I hope you are wrong about the hyper inflation but I agree with you about
the tricks.    Tricks don't correct cultural dysfunction, they just enable
it.

 

REH

 

From: [email protected]
[mailto:[email protected]] On Behalf Of Keith Hudson
Sent: Thursday, September 22, 2011 4:16 AM
To: RE-DESIGNING WORK, INCOME DISTRIBUTION, , EDUCATION
Subject: [Futurework] A Double Twist by the US Government/Fed

 

After their two-day meeting, the Federal Reserve (the US central bank) have
announced "Operation Twist". It certainly is a twist. In fact, it's a
re-twist on the twist that's already been carried out. 
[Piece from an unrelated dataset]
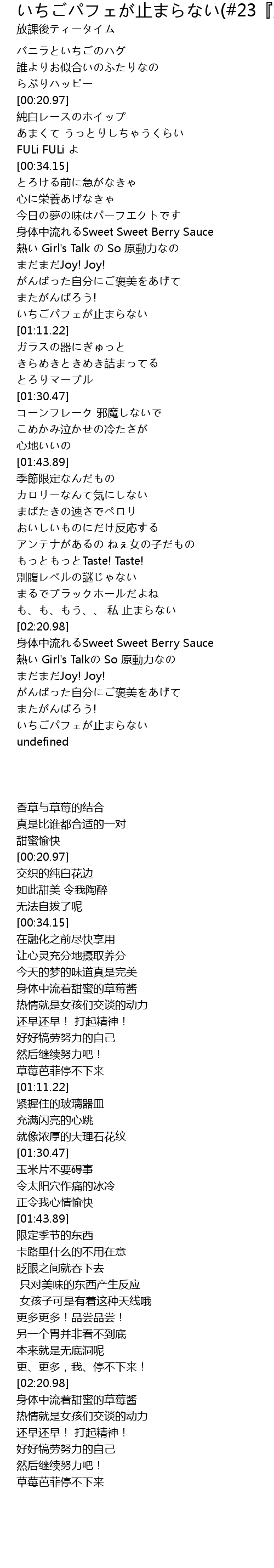 | [00:47.90] | 身体中流れるSweet Sweet Berry Sauce |

What's being put over to the totally bemused public (and many financial
journalists) is that the Government (the US Treasury) will 'buy' $400
billion of government long-dated bonds by 'selling' the same amount of
short-dated bonds. This is supposed to be benign in that no new money is
being created. Thus there'll be no danger of causing inflation. The idea
behind it is that long-term interest rates of the currency will be brought
down and thus tempt industry into investing in long-term plans and getting
people back to work.

Never mind that most consumer-production transnational corporations are
already sitting on massive profits that they don't know what to do with,
what's all this about the government 'buying' and 'selling'? The fact is
that the US government is already insolvent and doesn't have the money to
'buy' the short-term bonds in the first place. Short-term bonds are either
owned by private investors (e.g. pension funds) and have to be bought with
real cash, or they've already been 'bought' by the Government (the US
Treasury) and then placed in hock at the pawnbrokers (the Fed) which then
prints the money. This is called Quantitative Easing. If the Government
wants to get hold of the pawned short-term bonds, then they've got to pay
the Fed in order to get them out of hock, just as anybody has to do at the
pawnbrokers.

The only way that the US Government can 'sell' the Fed-owned short-term
bonds is by some form of subterfuge which breaks all accounting principles
-- by the Fed pretending not to notice that their collateral is being
burgled and then used to buy long-term bonds. And then, of course, the newly
acquired long-term bonds will immediately have to be placed in hock with the
Fed in order for the new money to be created. Thus the Government now owes
not just $400 billion, but $800 billion. This is not only the $400 billion
of short-term bonds it has burgled but another $400 billion of long-term
bonds newly put in hock.

Central banks are supposed to be independent from governments. They are
supposed to have two distinct functions. One is to look after the value of
the currency on behalf of the public by cudgeling the ordinary banks'
proclivity to manufacture credit. The other is take care of taxpayers' money
and cudgel the government if necessary if it tries to borrow way beyond what
it's able to tax. On these two counts, whatever politicians may say, central
banks have compromised themselves decades ago. By colluding together,
governments and central banks have been defrauding their electorates with
steady inflation for decades. By this new double-twist, the US government is
set to defraud its electorate even further. 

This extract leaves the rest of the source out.